Systematic use of paragraph and character styles, object styles, and scripts – as well as the implementation of typographic regulations – also allows a high level of automation. This is necessary to ensure high throughput and exportability to XML.
At le-tex, tables of contents and indexes are dynamically generated from the typesetting data as a matter of course.
XML can be designated as both an input and an output format in InDesign typesetting. We are very familiar with the precise limitations and pitfalls of typesetting from XML. This means we are able to synthesize InDesign files in IDML format completely from XML, if script processing of the XML is likely to be too laborious. This is regularly the case when a large index needs to be processed.
In numerous projects, we have also provided our customers with solutions to other limitations of InDesign, such as the standard restriction to one index or problems with round-tripping.

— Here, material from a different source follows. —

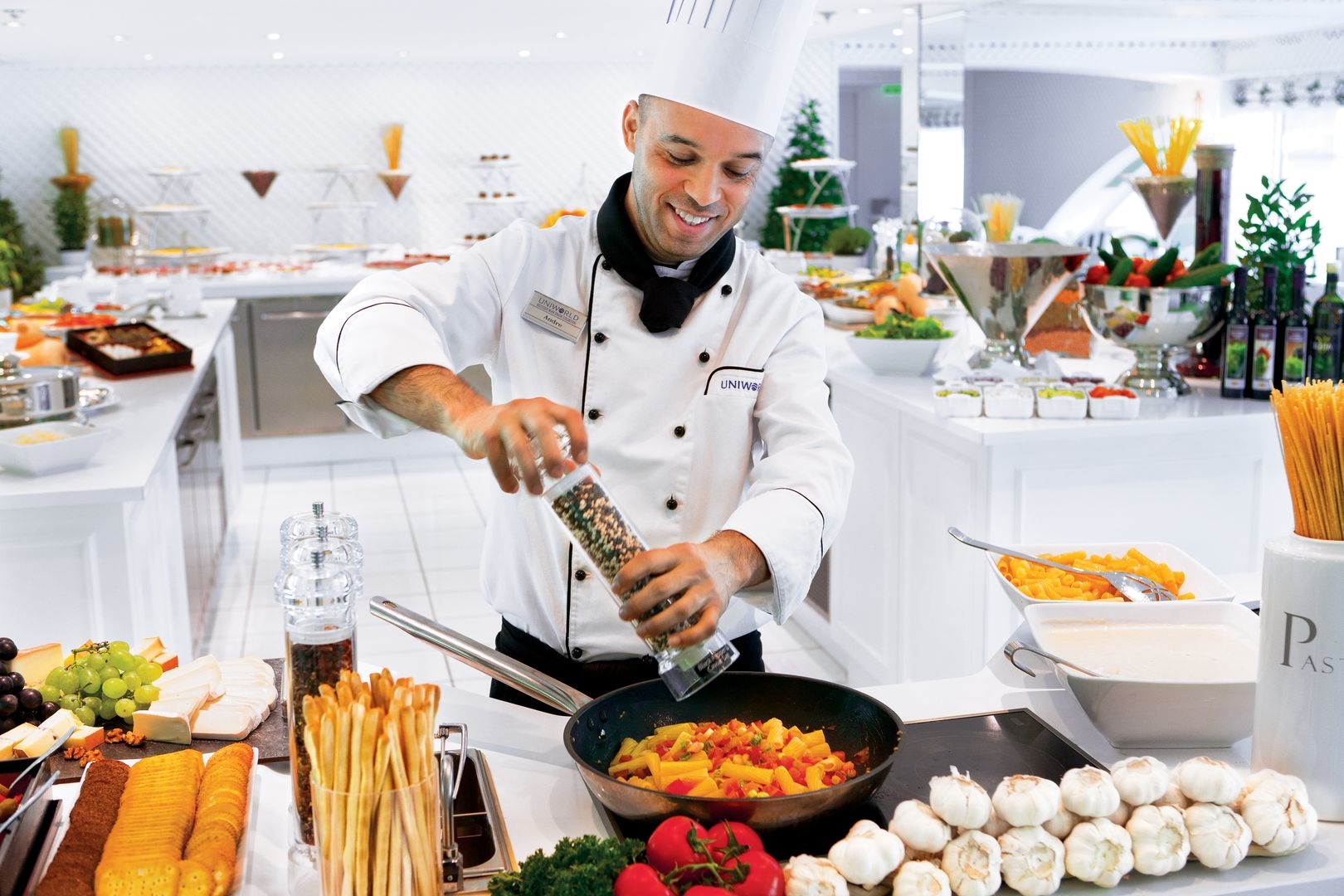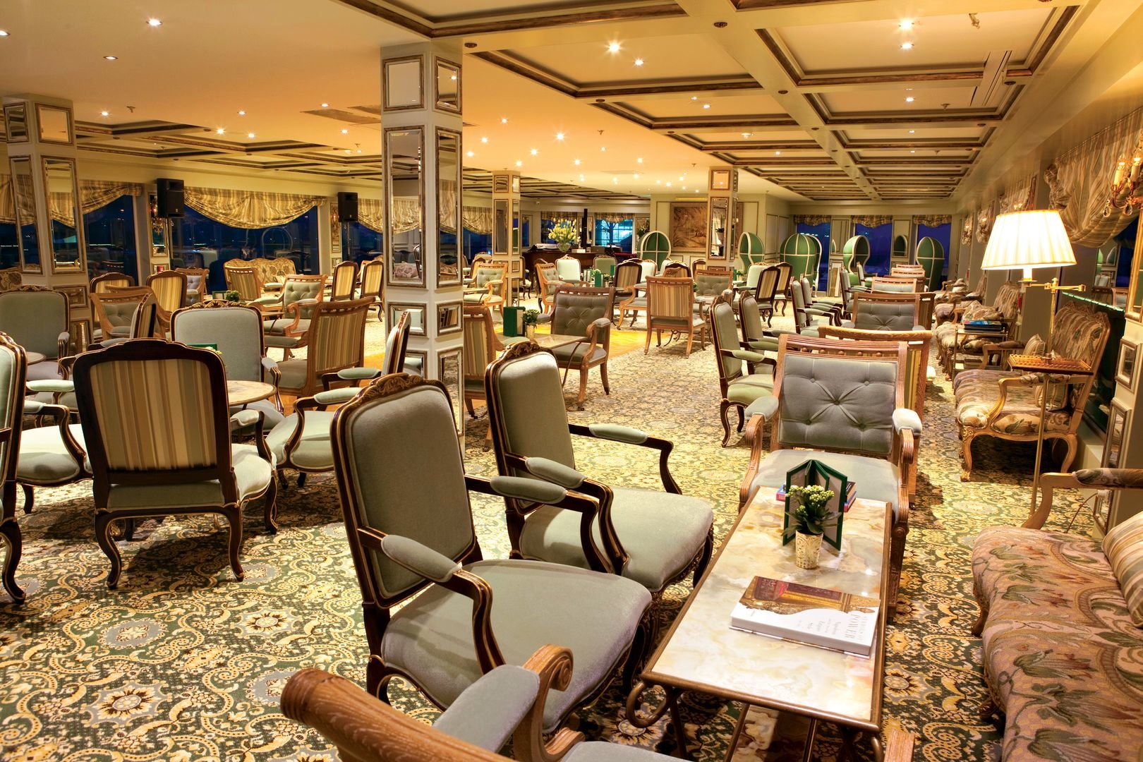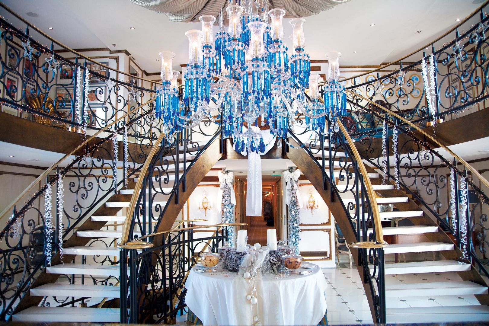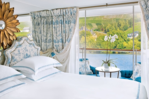 The luxurious décor of the 443-foot, 152-passenger S.S. Antoinette—Uniworld’s first Super Ship—features fine Brazilian marble on the walls and floors, a 19th-century Venetian glass mirror, a stylish Bar du Leopard with full-service bar, and an onboard cinema. The two-story foyer boasts a 10-foot blue Strauss Baccarat chandelier with huge sapphires—a stunning piece that once hung in New York’s famous Tavern on the Green—and a collection of original artwork is displayed throughout the ship.

Our pioneering approach includes incorporating into the production process features from the latest InDesign versions, such as headings spanning multiple columns in InDesign CS5, particularly for typesetting from XML.
In the field of e-book conversion, we are specialists in the processing of InDesign data (we also process Quark data with the help of the Q2ID plug-ins from Markzware). Particularly in cases where a single layout exists for multiple similar titles and these titles have features such as footnotes, marginalia, tables etc., it is worthwhile to write a conversion program in XSLT 2.0 instead of laboriously converting PDFs.